SOURCE DATA:

'''

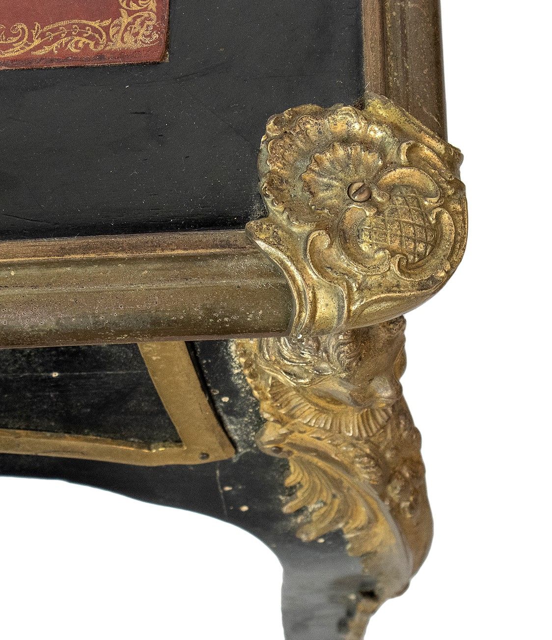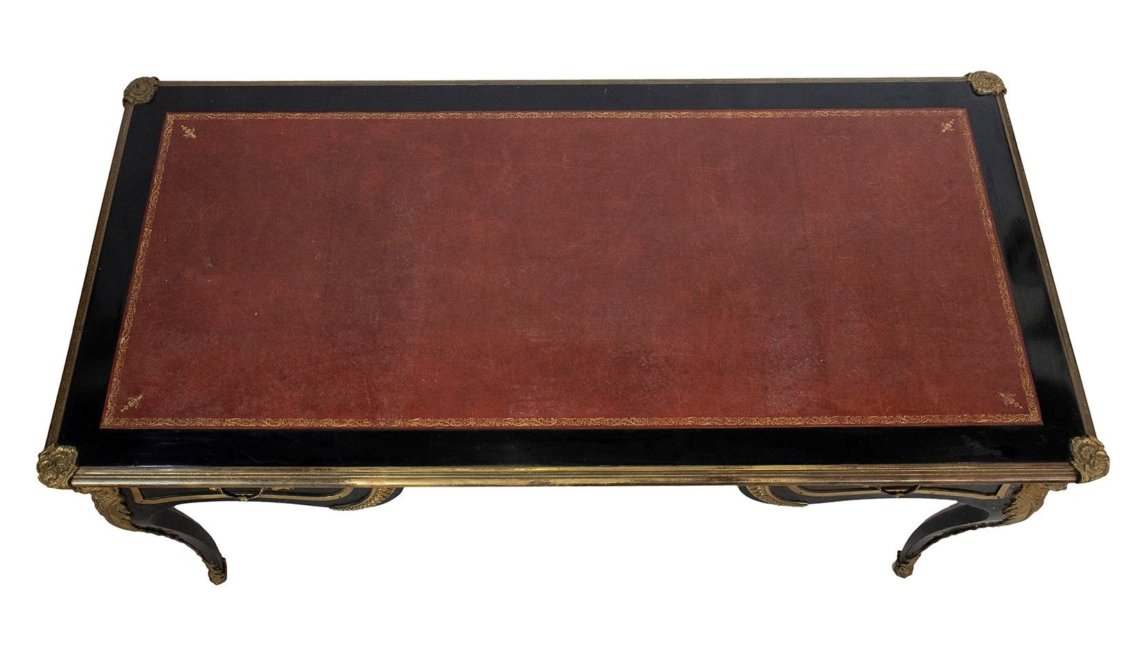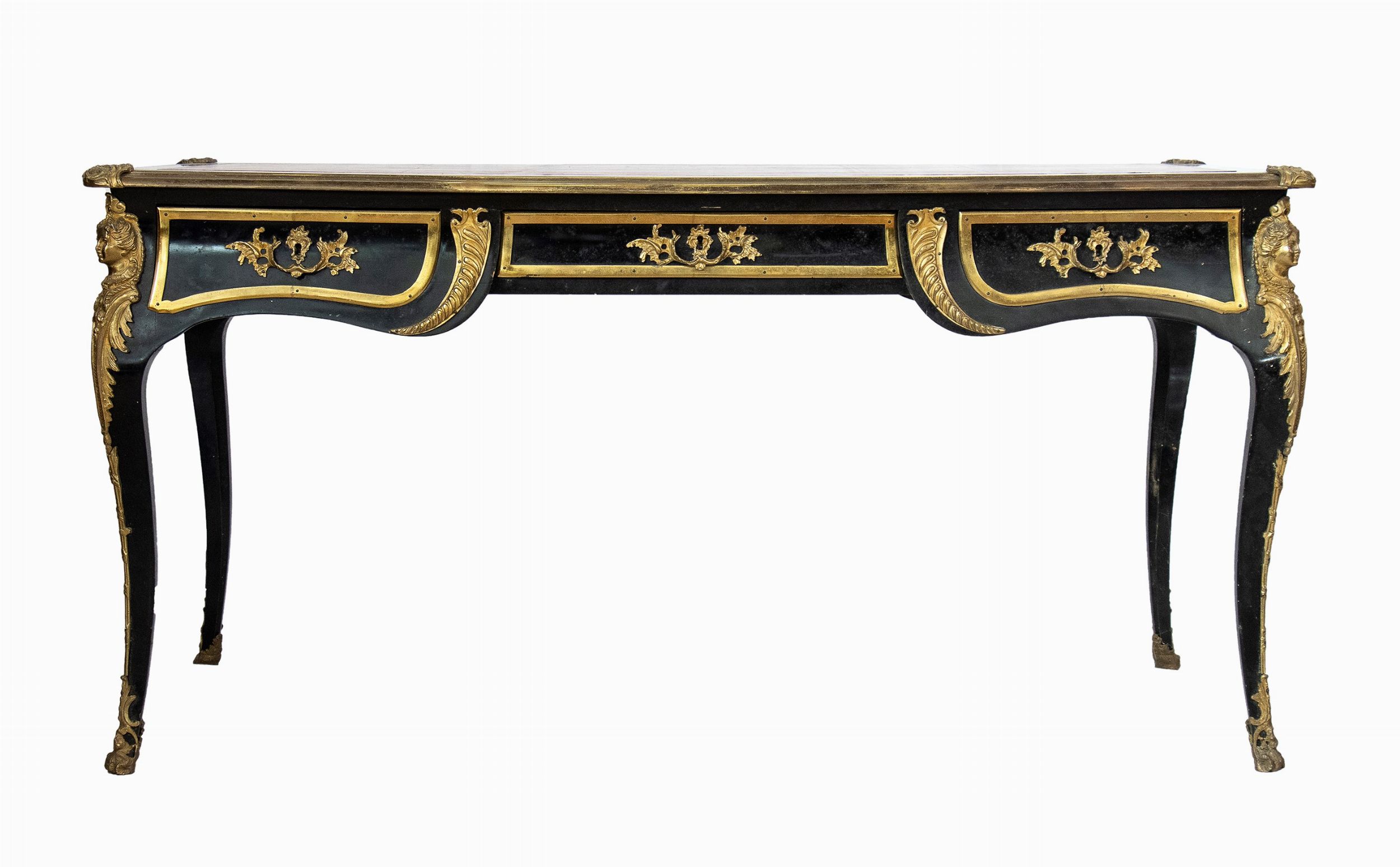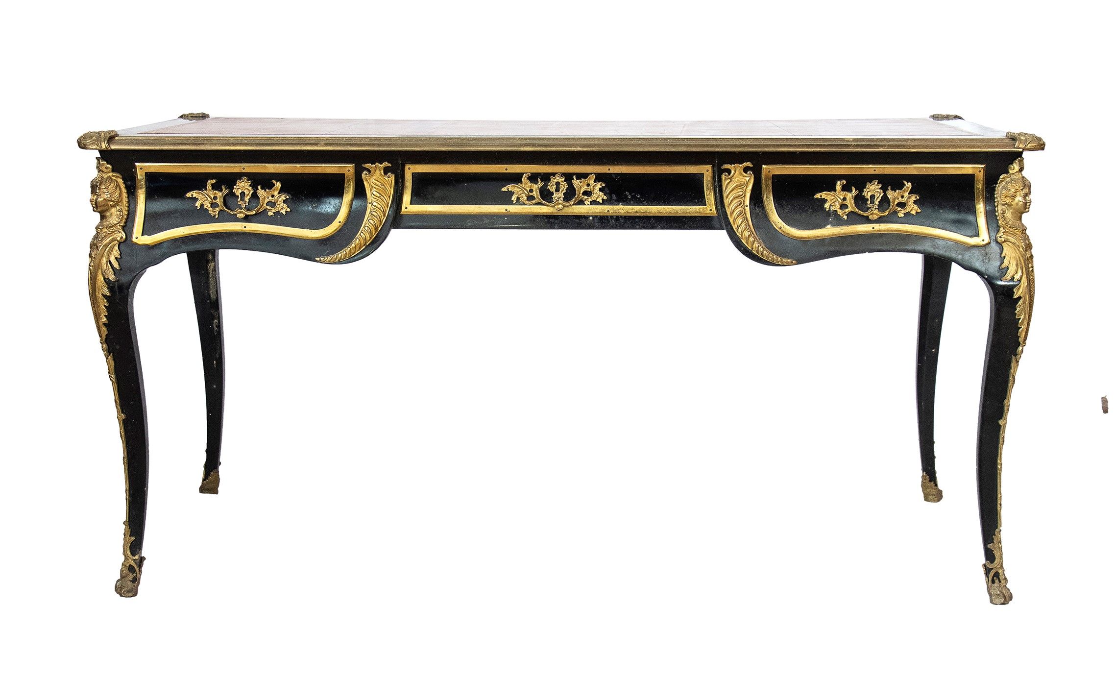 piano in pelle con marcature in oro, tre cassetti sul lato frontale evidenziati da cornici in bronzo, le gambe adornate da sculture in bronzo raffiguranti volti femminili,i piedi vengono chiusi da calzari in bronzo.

'''
'''

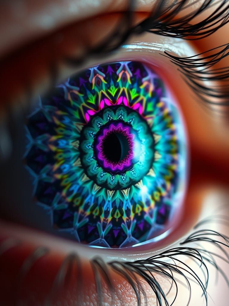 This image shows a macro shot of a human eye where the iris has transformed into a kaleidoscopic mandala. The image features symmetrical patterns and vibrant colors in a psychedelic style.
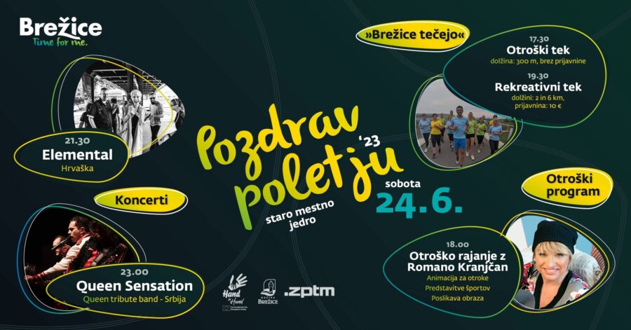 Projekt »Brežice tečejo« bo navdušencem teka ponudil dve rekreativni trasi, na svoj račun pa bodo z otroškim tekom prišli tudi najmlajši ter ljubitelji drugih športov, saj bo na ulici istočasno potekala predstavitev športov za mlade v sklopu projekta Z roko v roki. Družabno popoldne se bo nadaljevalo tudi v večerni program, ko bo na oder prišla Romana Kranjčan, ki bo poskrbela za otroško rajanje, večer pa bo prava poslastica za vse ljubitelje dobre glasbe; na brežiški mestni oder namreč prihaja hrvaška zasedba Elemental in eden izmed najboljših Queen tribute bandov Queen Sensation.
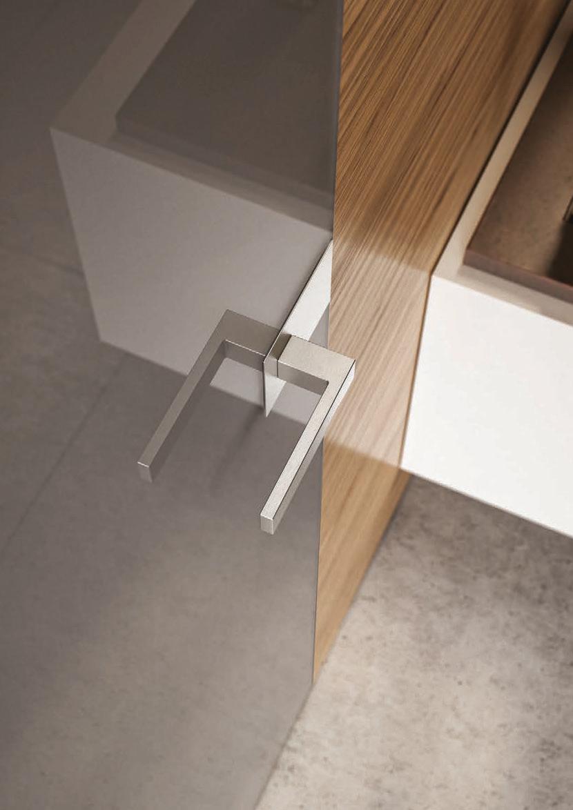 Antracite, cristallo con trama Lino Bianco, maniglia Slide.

'''
'''

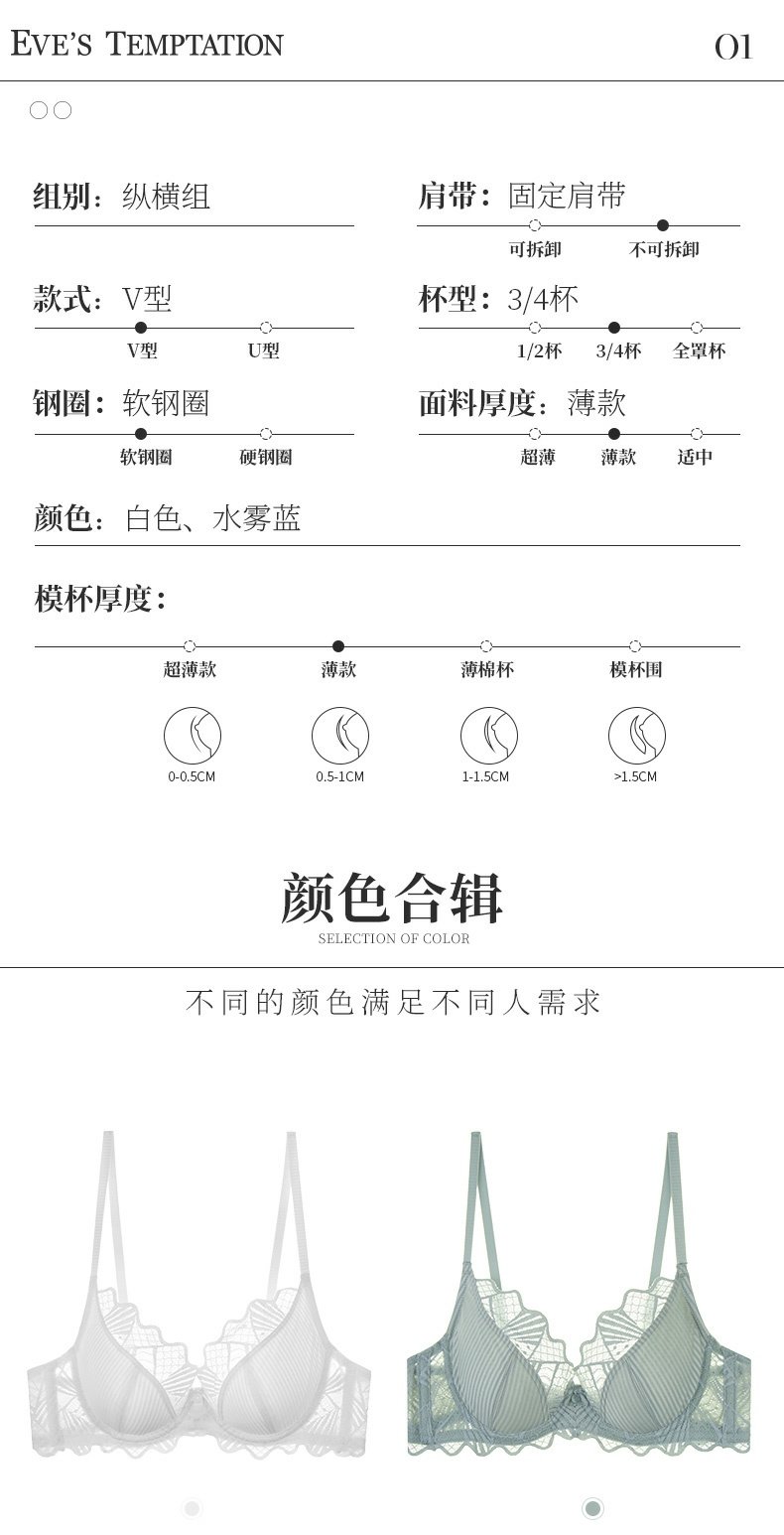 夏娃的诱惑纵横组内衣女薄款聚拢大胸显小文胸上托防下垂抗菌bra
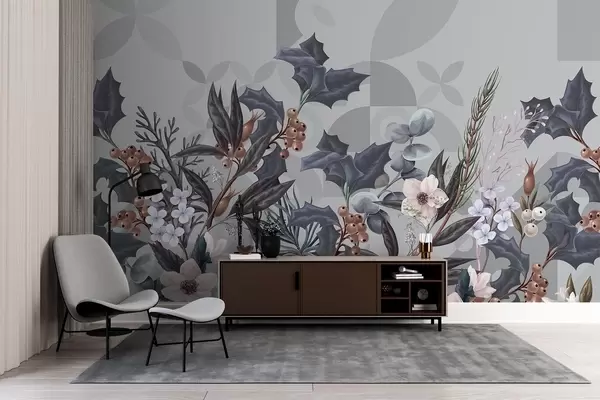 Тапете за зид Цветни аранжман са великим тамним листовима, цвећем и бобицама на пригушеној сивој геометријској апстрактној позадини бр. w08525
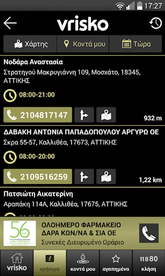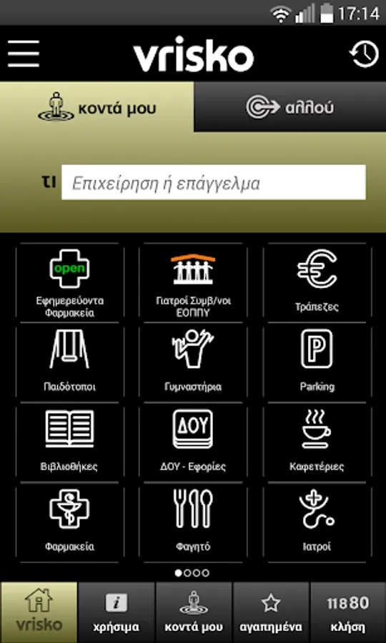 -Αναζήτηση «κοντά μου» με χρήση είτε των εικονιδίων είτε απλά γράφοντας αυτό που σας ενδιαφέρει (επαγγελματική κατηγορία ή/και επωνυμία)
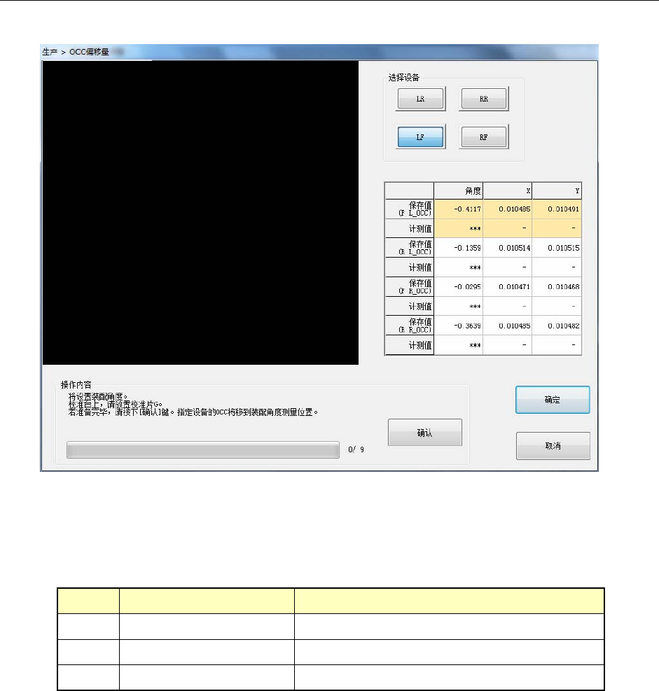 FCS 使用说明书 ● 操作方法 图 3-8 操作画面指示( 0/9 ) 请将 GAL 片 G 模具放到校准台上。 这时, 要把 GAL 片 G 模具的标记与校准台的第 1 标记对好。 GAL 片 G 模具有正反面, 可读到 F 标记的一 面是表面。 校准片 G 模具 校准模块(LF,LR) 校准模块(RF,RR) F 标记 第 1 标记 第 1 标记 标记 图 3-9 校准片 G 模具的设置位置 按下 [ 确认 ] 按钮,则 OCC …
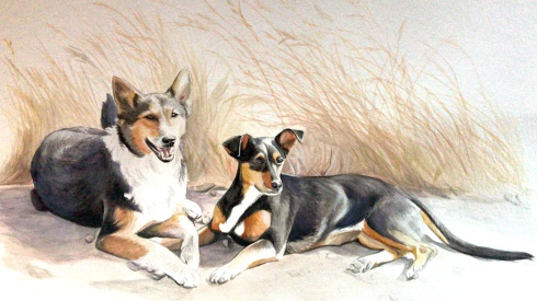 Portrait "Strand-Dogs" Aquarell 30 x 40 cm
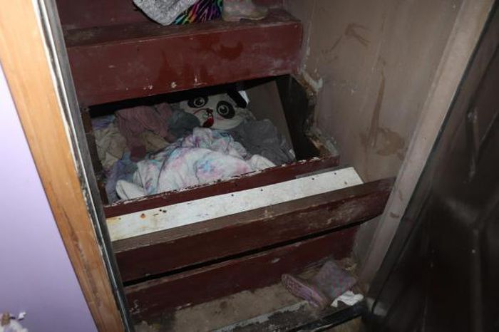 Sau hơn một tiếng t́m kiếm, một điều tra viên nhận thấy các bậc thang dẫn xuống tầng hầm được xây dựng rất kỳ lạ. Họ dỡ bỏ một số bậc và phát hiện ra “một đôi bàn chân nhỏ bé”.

'''

PROBLEM REQUIREMENTS: Your answer should be the lines above, word for word, from the line with "This image shows" through the line with "Antracite, cristallo con", minus the pictures.

ANSWER TO THIS EXERCISE:
 This image shows a macro shot of a human eye where the iris has transformed into a kaleidoscopic mandala. The image features symmetrical patterns and vibrant colors in a psychedelic style.
 Projekt »Brežice tečejo« bo navdušencem teka ponudil dve rekreativni trasi, na svoj račun pa bodo z otroškim tekom prišli tudi najmlajši ter ljubitelji drugih športov, saj bo na ulici istočasno potekala predstavitev športov za mlade v sklopu projekta Z roko v roki. Družabno popoldne se bo nadaljevalo tudi v večerni program, ko bo na oder prišla Romana Kranjčan, ki bo poskrbela za otroško rajanje, večer pa bo prava poslastica za vse ljubitelje dobre glasbe; na brežiški mestni oder namreč prihaja hrvaška zasedba Elemental in eden izmed najboljših Queen tribute bandov Queen Sensation.
 Antracite, cristallo con trama Lino Bianco, maniglia Slide.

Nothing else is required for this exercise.